**TASK DETAILS**
Leave the pictures out and repeat the rest of the data below exactly.

(Stored items from a collection)
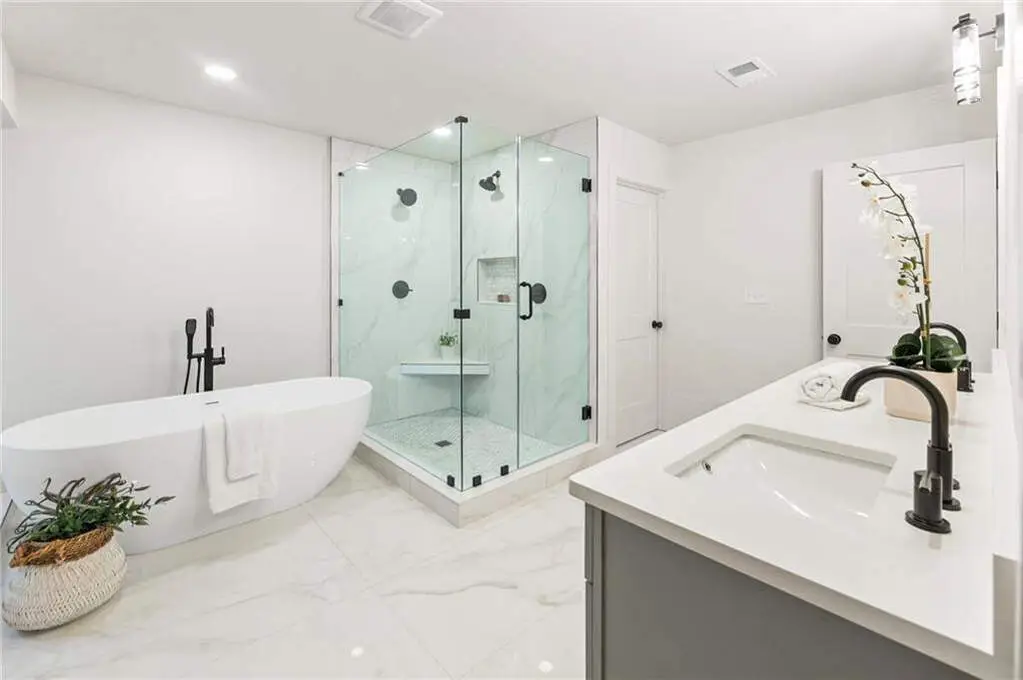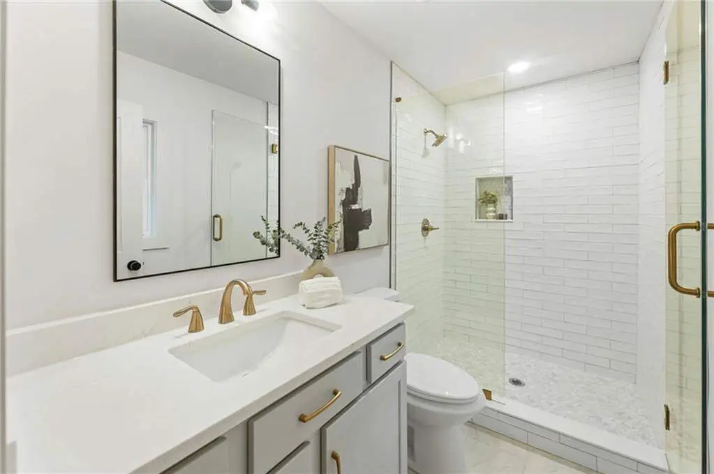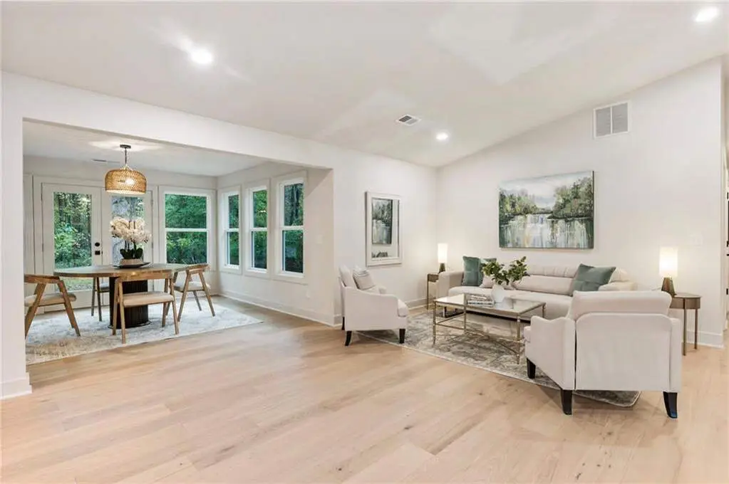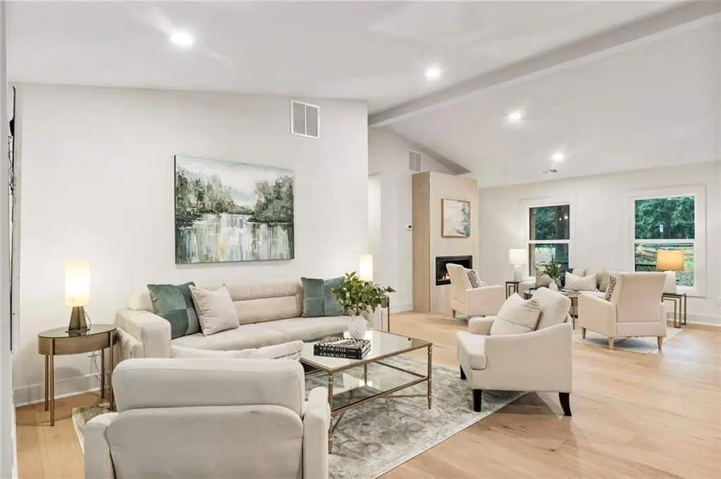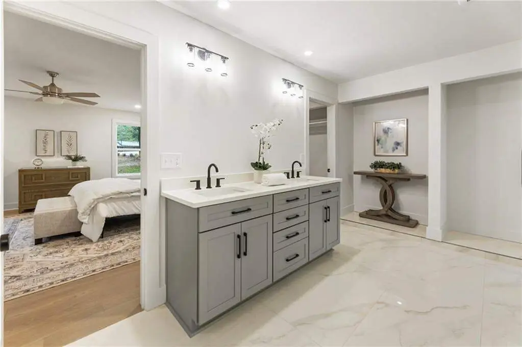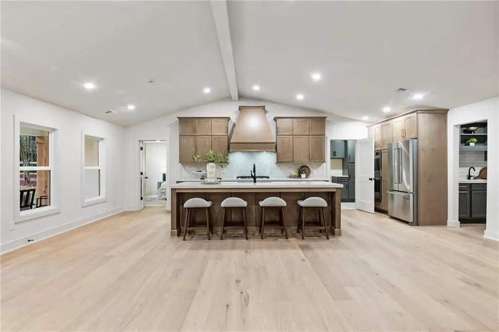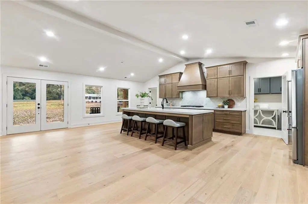 This stunning Marietta home in the Walton HS district has been completely rebuilt from the ground up - and the result is spectacular. Designed primarily as a spacious ranch, it offers four bedrooms and four full baths on the main level, including a luxurious primary suite. A fabulous in-law suite above the two-car garage provides over 500 square feet of space for guests, a home office, or a private retreat with a kitchenette, living space and full bath. The open-concept kitchen of the main home is a showstopper, featuring beautiful quartz countertops, soft-close cabinetry, double ovens, a 5-burner gas cooktop with vent hood, French-door refrigerator, and built-in microwave and dishwasher. Entertaining is effortless with a large scullery/pantry that includes a second sink and dishwasher. The great room offers flexible space for living, dining, and entertaining, all filled with abundant natural light. The primary suite features double vanities, dual shower heads, ample storage and a spacious walk-in closet. Throughout the home, you'll find wide-plank white oak hardwood flooring and designer tile in all baths and the laundry - no carpet anywhere. Each bedroom offers generous space and large closets, with en-suite or nearby bath access. Set on a 1.3+ acre lot, the property provides both privacy and potential, with room to add a pool or outdoor recreation area. Located close to major commuter routes and the top-rated Walton High School, this home truly has it all.
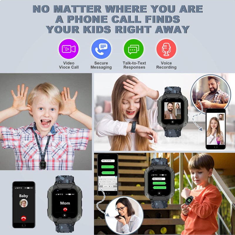 - Smart watch for children with GPS tracker and calls: GPS tracking watches for children support SMS, two-way calls, voice chats and video chats. Parents and child can call each other and know the situation of the child in time. The one-button SOS design allows children to notify their parents in time when they are in danger. Long press the SOS button. Our children's smart watch automatically dials the emergency contact number (it is required to save the contacts in advance in the address book of the smartwatch for this function to be effective).
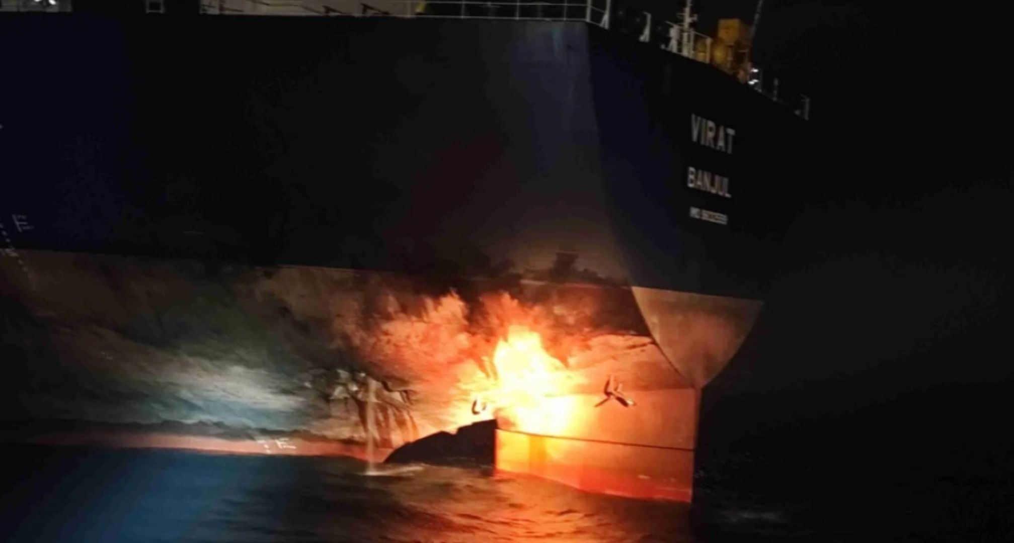 Το πλοίο, που φέρει σημαία Γκάμπιας και θεωρείται ότι ανήκει στον ρωσικό σκιώδη στόλο, «υπέστη ελαφρές ζημιές στη δεξιά πλευρά, πάνω από την ίσαλο γραμμή», διευκρίνισε το υπουργείο, υπογραμμίζοντας πως «δεν έχει εκδηλωθεί πυρκαγιά πάνω στο πλοίο και όλα τα μέλη του πληρώματος είναι καλά στην υγεία τους».
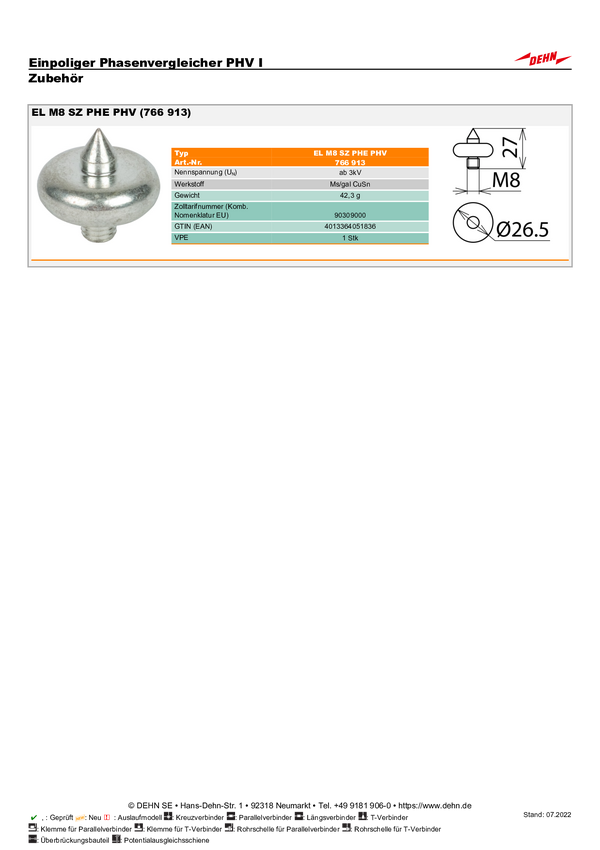 DEHN 766913 EL M8 SZ PHE PHV Elektroda cebulowa 1 szt.
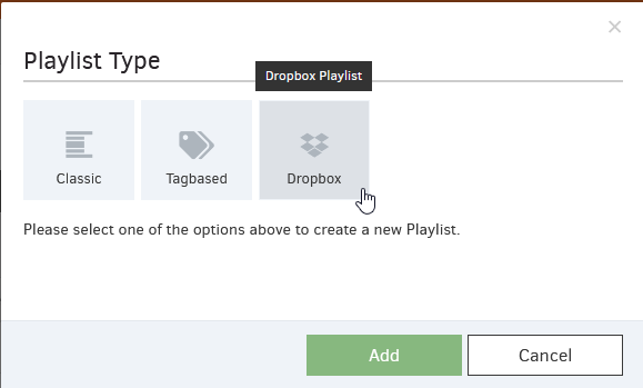 To add a Dropbox playlist, you click on the ” + Add Playlist ” button found at the bottom of the Playlists list.
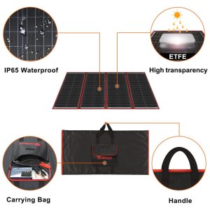 DESIGN DOBRÁVEL E PORTÁTIL O painel fica bem protegido em um bolso de tecido grosso costurado. Uma alça de transporte prática está disponível, fácil de transportar e usar e com, Ideal para acampar, acampar, escalar, caminhar, fazer piquenique, carregar a bateria do seu carro ou em emergências.
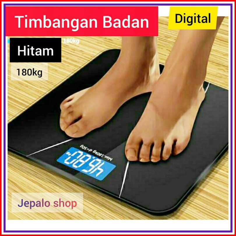 Timbangan Badan Digital Hitam 180kg 26x26 Black Polos Jepalo Shop Makassar
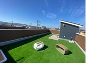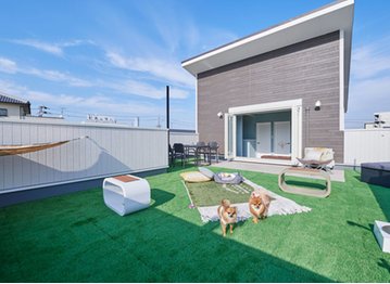 「屋上プライベートDOG GARDEN」は、愛犬の心と身体の健康を考える「GREEN DOG」 監修。床材は踏み心地の柔らかいゴムチップ舗装や人工芝を採用。屋上でもシャンプーを楽しめる設備や愛犬用ウォーターボウルなど、ペットと過ごす時間を満喫できるアイデアがいっぱい。ほかにも、ペットのための収納やプラスワンリビングバルコニーなど、家族とペットが楽しく暮らせる多彩なプランを提案している。
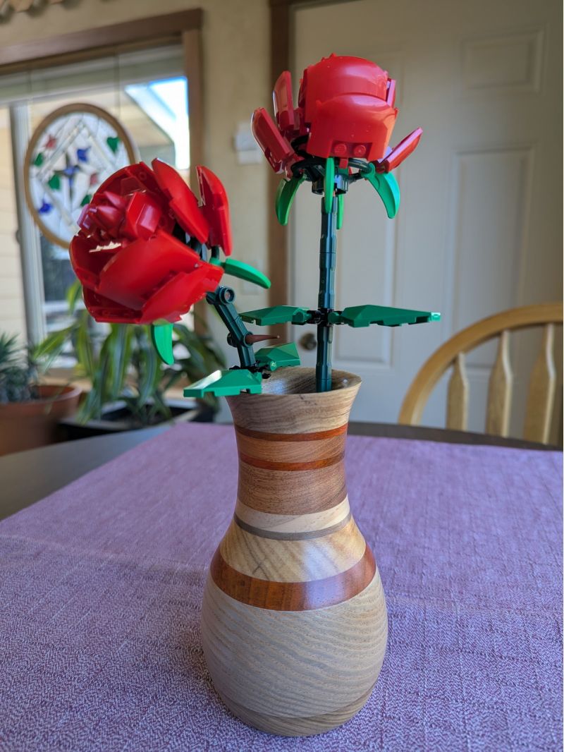 Roses by Lego kit #40460. Wood turning by yours truly, for Karen, my wife
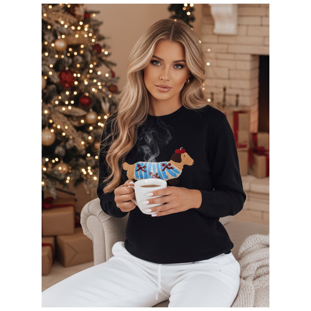 Dámský černý svetr CHICPAWS s aplikací psa
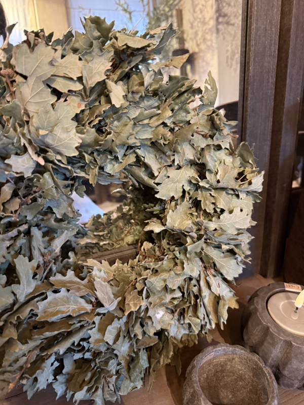 Groene krans van eikenblad 35 cm
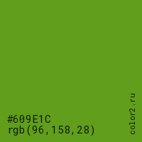 Цвет #609E1C в цветовой модели RGB обозначается тремя октетами (96, 158, 28) в десятичном формате и #609E1C в шестнадцатиричном (hex) формате, которые являются интенсивностью красного 96 (hex 60), интенсивность зелёного 158 (hex 9E) и интенсивность синего 28 (hex 1C).
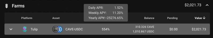 Par exemple, si vous utilisez un protocole Solana comme Tulip Protocol ou Orca, vous pourrez fournir des liquidités à part égales (1:1) sur des paires de cryptomonnaies, et être rémunérés pour ça. Par exemple, voilà un pari que j’ai pris ces derniers jours sur la paire CAVE-USDC du NFT en vogue Crypto Cavemen Club : contre le dépôt de 1000$ de CAVE et de 1000$ d’USDC, j’ai pu tenter de profiter d’un rendement délirant d’1,52% par jour. Ces investissements sont alors directement consultables dans Sonar Watch.
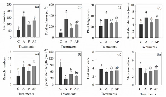 Effects of Glomus mosseae and Bacillus amyloliquefaciens on aboveground organ morphological characteristics of Elaeagnus angustifolia L. seedlings in saline soils. Values are the means ± standard deviation of five replicates. Value sharing the different letters indicate significant differences between treatments at the 5% level (Tukey’s t-test). C: Control, A: AMF (Glomus mosseae) treatment, P: PGPR (Bacillus amyloliquefaciens) treatment, AP: AMF + PGPR treatment. (a) Leaf numbers, (b) total leaf areas, (c) plant height, (d) basal stem diameter, (e) branch numbers, (f) specific stem length, (g) leaf succulence, (h) stem succulence.
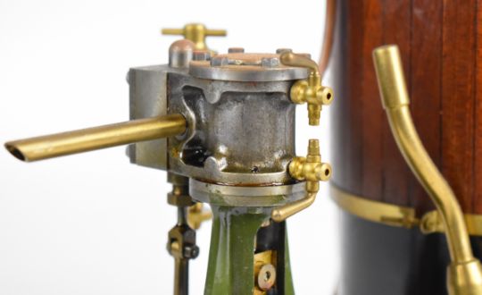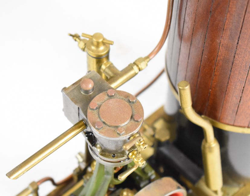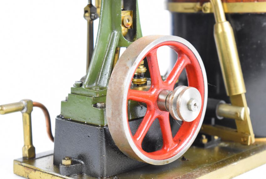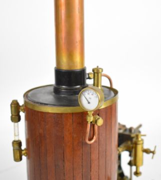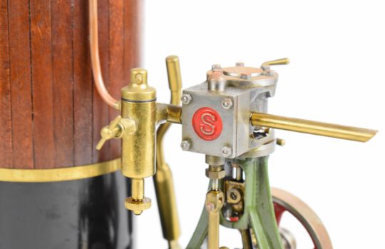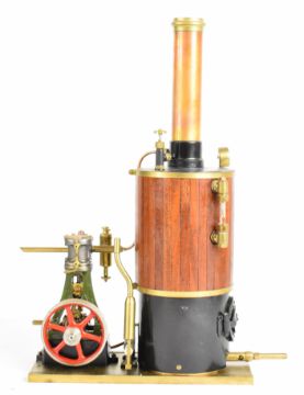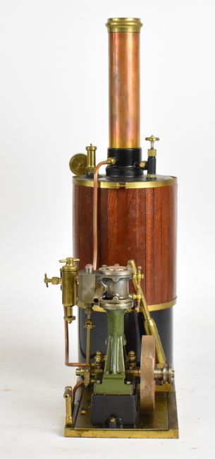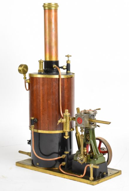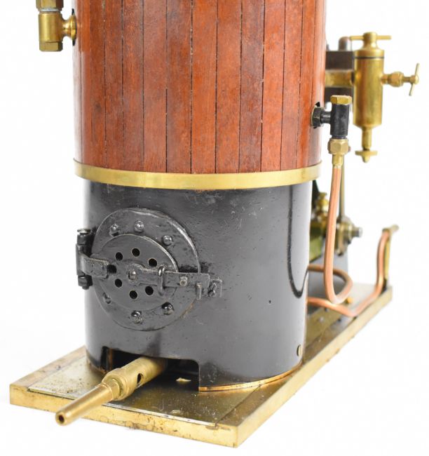 Stuart 10V live steam plant comprising engine with spoked flywheel, hand pump, gas burner and lagged boiler with 0-120 psi pressure gauge, safety valve and water level gauge, overall height 41cm, boiler diameter approximately 11cm

**OUTPUT OF THE EXERCISE**
 This stunning Marietta home in the Walton HS district has been completely rebuilt from the ground up - and the result is spectacular. Designed primarily as a spacious ranch, it offers four bedrooms and four full baths on the main level, including a luxurious primary suite. A fabulous in-law suite above the two-car garage provides over 500 square feet of space for guests, a home office, or a private retreat with a kitchenette, living space and full bath. The open-concept kitchen of the main home is a showstopper, featuring beautiful quartz countertops, soft-close cabinetry, double ovens, a 5-burner gas cooktop with vent hood, French-door refrigerator, and built-in microwave and dishwasher. Entertaining is effortless with a large scullery/pantry that includes a second sink and dishwasher. The great room offers flexible space for living, dining, and entertaining, all filled with abundant natural light. The primary suite features double vanities, dual shower heads, ample storage and a spacious walk-in closet. Throughout the home, you'll find wide-plank white oak hardwood flooring and designer tile in all baths and the laundry - no carpet anywhere. Each bedroom offers generous space and large closets, with en-suite or nearby bath access. Set on a 1.3+ acre lot, the property provides both privacy and potential, with room to add a pool or outdoor recreation area. Located close to major commuter routes and the top-rated Walton High School, this home truly has it all.
 - Smart watch for children with GPS tracker and calls: GPS tracking watches for children support SMS, two-way calls, voice chats and video chats. Parents and child can call each other and know the situation of the child in time. The one-button SOS design allows children to notify their parents in time when they are in danger. Long press the SOS button. Our children's smart watch automatically dials the emergency contact number (it is required to save the contacts in advance in the address book of the smartwatch for this function to be effective).
 Το πλοίο, που φέρει σημαία Γκάμπιας και θεωρείται ότι ανήκει στον ρωσικό σκιώδη στόλο, «υπέστη ελαφρές ζημιές στη δεξιά πλευρά, πάνω από την ίσαλο γραμμή», διευκρίνισε το υπουργείο, υπογραμμίζοντας πως «δεν έχει εκδηλωθεί πυρκαγιά πάνω στο πλοίο και όλα τα μέλη του πληρώματος είναι καλά στην υγεία τους».
 DEHN 766913 EL M8 SZ PHE PHV Elektroda cebulowa 1 szt.
 To add a Dropbox playlist, you click on the ” + Add Playlist ” button found at the bottom of the Playlists list.
 DESIGN DOBRÁVEL E PORTÁTIL O painel fica bem protegido em um bolso de tecido grosso costurado. Uma alça de transporte prática está disponível, fácil de transportar e usar e com, Ideal para acampar, acampar, escalar, caminhar, fazer piquenique, carregar a bateria do seu carro ou em emergências.
 Timbangan Badan Digital Hitam 180kg 26x26 Black Polos Jepalo Shop Makassar
 「屋上プライベートDOG GARDEN」は、愛犬の心と身体の健康を考える「GREEN DOG」 監修。床材は踏み心地の柔らかいゴムチップ舗装や人工芝を採用。屋上でもシャンプーを楽しめる設備や愛犬用ウォーターボウルなど、ペットと過ごす時間を満喫できるアイデアがいっぱい。ほかにも、ペットのための収納やプラスワンリビングバルコニーなど、家族とペットが楽しく暮らせる多彩なプランを提案している。
 Roses by Lego kit #40460. Wood turning by yours truly, for Karen, my wife
 Dámský černý svetr CHICPAWS s aplikací psa
 Groene krans van eikenblad 35 cm
 Цвет #609E1C в цветовой модели RGB обозначается тремя октетами (96, 158, 28) в десятичном формате и #609E1C в шестнадцатиричном (hex) формате, которые являются интенсивностью красного 96 (hex 60), интенсивность зелёного 158 (hex 9E) и интенсивность синего 28 (hex 1C).
 Par exemple, si vous utilisez un protocole Solana comme Tulip Protocol ou Orca, vous pourrez fournir des liquidités à part égales (1:1) sur des paires de cryptomonnaies, et être rémunérés pour ça. Par exemple, voilà un pari que j’ai pris ces derniers jours sur la paire CAVE-USDC du NFT en vogue Crypto Cavemen Club : contre le dépôt de 1000$ de CAVE et de 1000$ d’USDC, j’ai pu tenter de profiter d’un rendement délirant d’1,52% par jour. Ces investissements sont alors directement consultables dans Sonar Watch.
 Effects of Glomus mosseae and Bacillus amyloliquefaciens on aboveground organ morphological characteristics of Elaeagnus angustifolia L. seedlings in saline soils. Values are the means ± standard deviation of five replicates. Value sharing the different letters indicate significant differences between treatments at the 5% level (Tukey’s t-test). C: Control, A: AMF (Glomus mosseae) treatment, P: PGPR (Bacillus amyloliquefaciens) treatment, AP: AMF + PGPR treatment. (a) Leaf numbers, (b) total leaf areas, (c) plant height, (d) basal stem diameter, (e) branch numbers, (f) specific stem length, (g) leaf succulence, (h) stem succulence.
 Stuart 10V live steam plant comprising engine with spoked flywheel, hand pump, gas burner and lagged boiler with 0-120 psi pressure gauge, safety valve and water level gauge, overall height 41cm, boiler diameter approximately 11cm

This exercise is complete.